Awesome

Hybrid Ranking Network for Text-to-SQL

Code for our paper Hybrid Ranking Network for Text-to-SQL

Environment Setup

Python 3.8
Pytorch 1.7.1 or higher
pip install -r requirements.txt

We can also run experiments with docker image: docker build -t hydranet -f Dockerfile .

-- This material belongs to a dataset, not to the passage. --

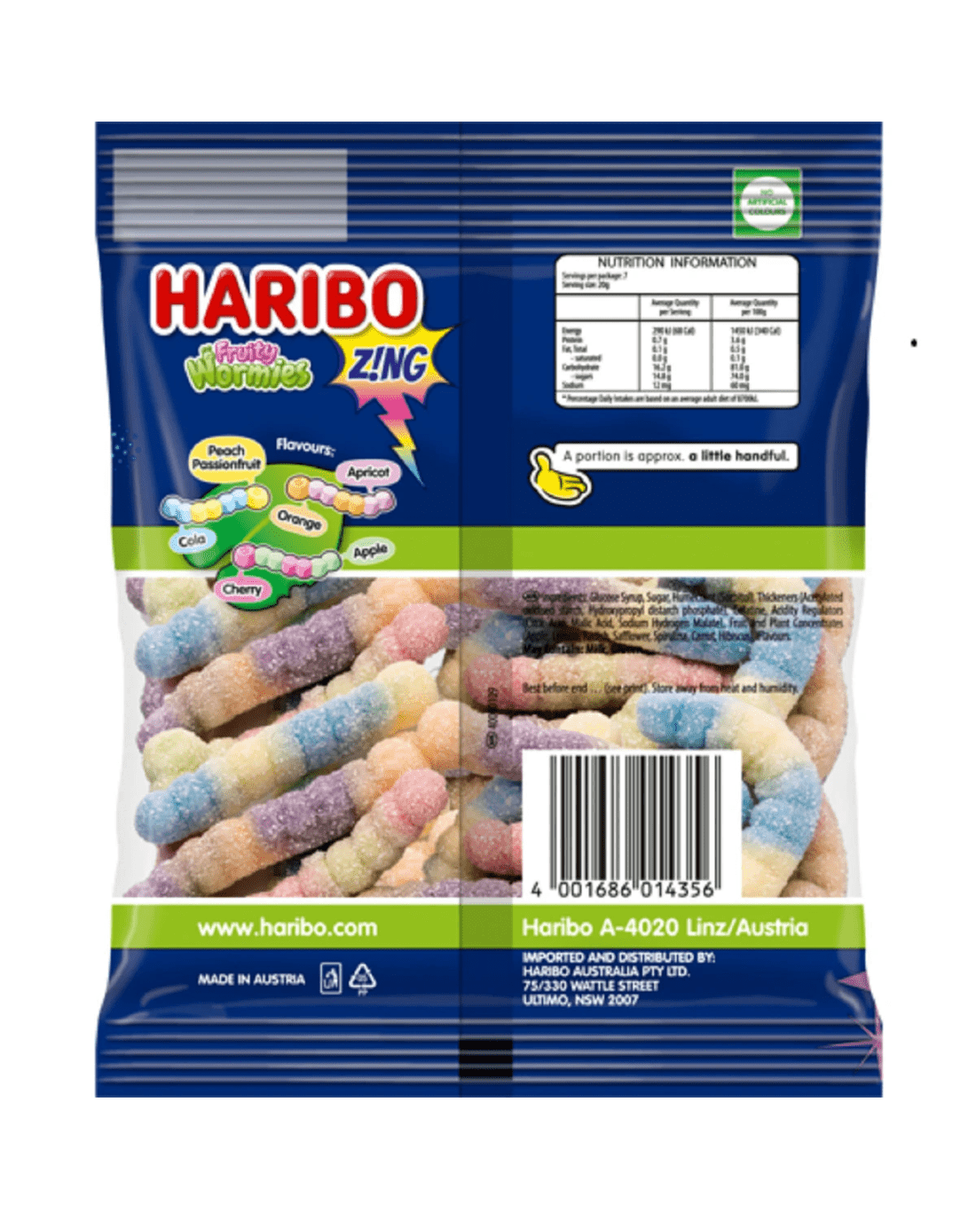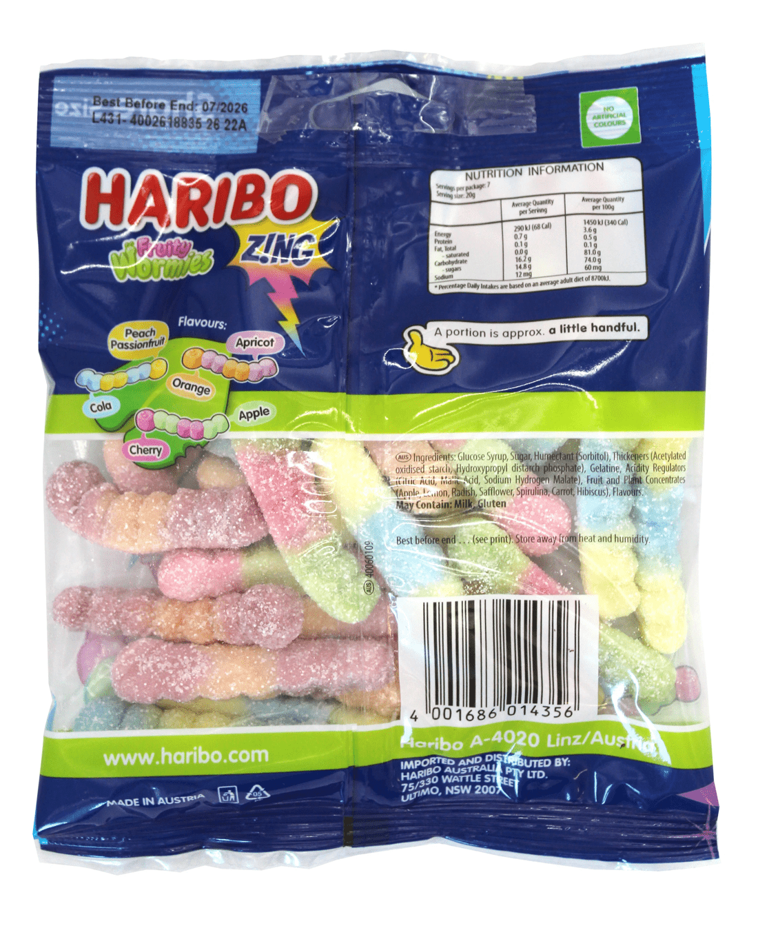 • Ingredients: Glucose Syrup, Sugar, Humectant (Sorbitol), Gelatine, Acidity Regulators (Citric Acid, Trisodium Citrate), Fruit and plant Concentrates (Radish, Sweet Potato, Carrot, Safflower, Blackcurrant)
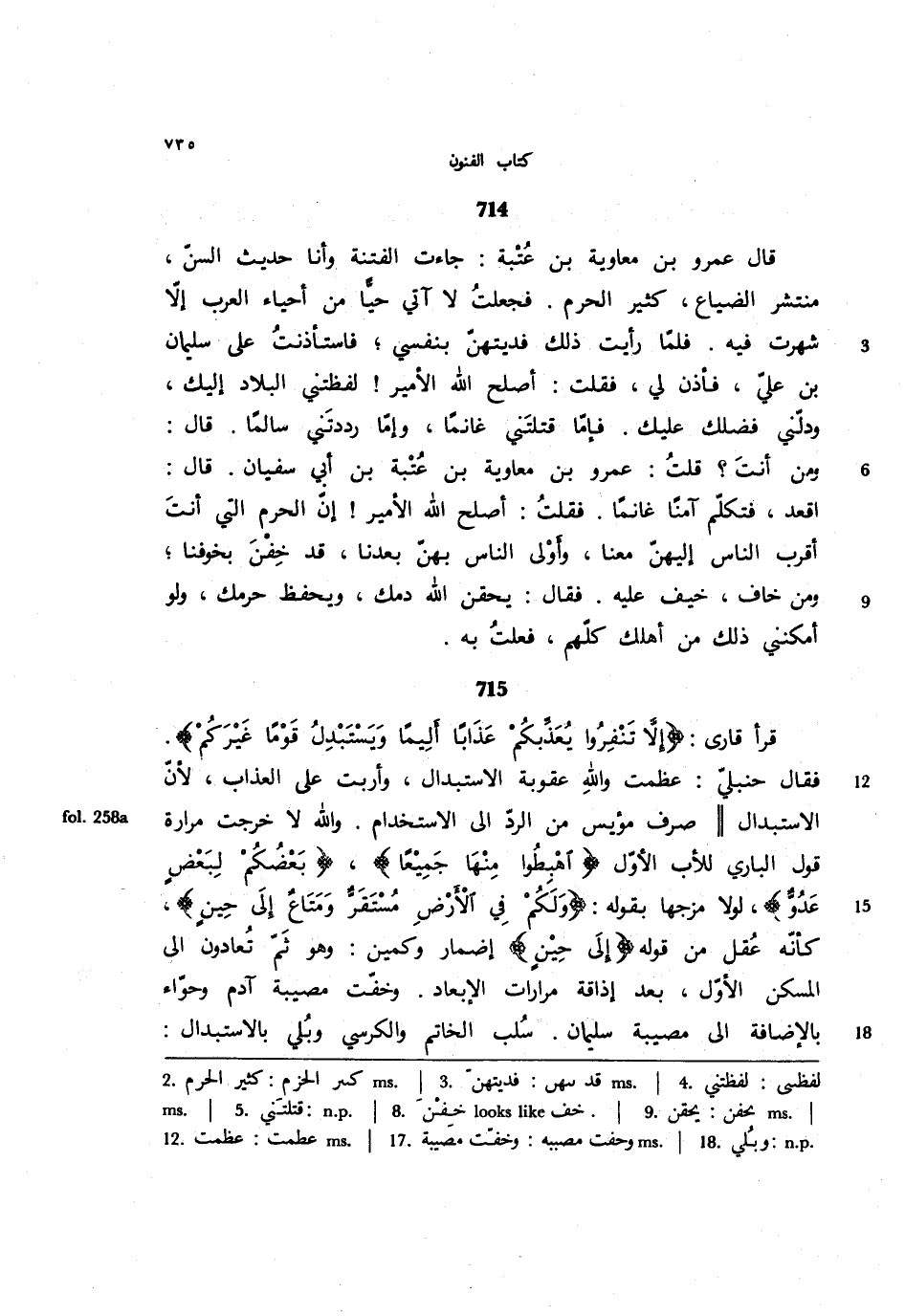 714 - قال عمرو بن معاوية بن عتبة: جاءت الفتنة وأنا حديث السن، منتشر الضياع، كثير الحرم. فجعلت لا آتي حيا من أحياء العرب إلا شهرت فيه. فلما رأيت ذلك فديتهن بنفسي؛ فاستأذنت على سليمان بن علي، فأذن لي، فقلت: أصلح الله الأمير! لفظتني البلاد إليك، ودلني فضلك عليك. فإما قتلتني غانمًا، وإما رددتني سالمًا. قال: ومن أنت؟ قلت: عمرو بن معاوية بن عتبة بن أبي سفيان. قال: اقعد، فتكلم آمنًا غانمًا. فقلت: أصلح الله الأمير! إن الحرم التي أنت أقرب الناس إليهن معنا، وأولى الناس بهن بعدنا، قد خفن بخوفنا؛ ومن خاف، خيف عليه. فقال: يحقن الله دمك، ويحفظ حرمك، ولو أمكنني ذلك من أهلك كلهم، فعلت به.

The built image above contains processed data and is ready for training and evaluation.

Data Preprocessing

Create data folder and output folder first: mkdir data && mkdir output
Clone WikiSQL repo: git clone https://github.com/salesforce/WikiSQL && tar xvjf WikiSQL/data.tar.bz2 -C WikiSQL
Preprocess data: python wikisql_gendata.py

Training

Run python main.py train --conf conf/wikisql.conf --gpu 0,1,2,3 --note "some note".
Model will be saved to output folder, named by training start datetime.

Evaluation

Modify model, input and output settings in wikisql_prediction.py and run it.
Run WikiSQL evaluation script to get official numbers: cd WikiSQL && python evaluate.py data/test.jsonl data/test.db ../output/test_out.jsonl

Note: the WikiSQL evaluation script will encounter error when running in Windows system. Hence we included the fixed version for Windows User (run in root folder): python wikisql_evaluate.py WikiSQL/data/test.jsonl WikiSQL/data/test.db output/test_out.jsonl

Trained Model

Trained model that can reproduce reported number on WikiSQL leaderboard is attached in the releases (see under "Releases" in the right column). Model prediction outputs are also attached.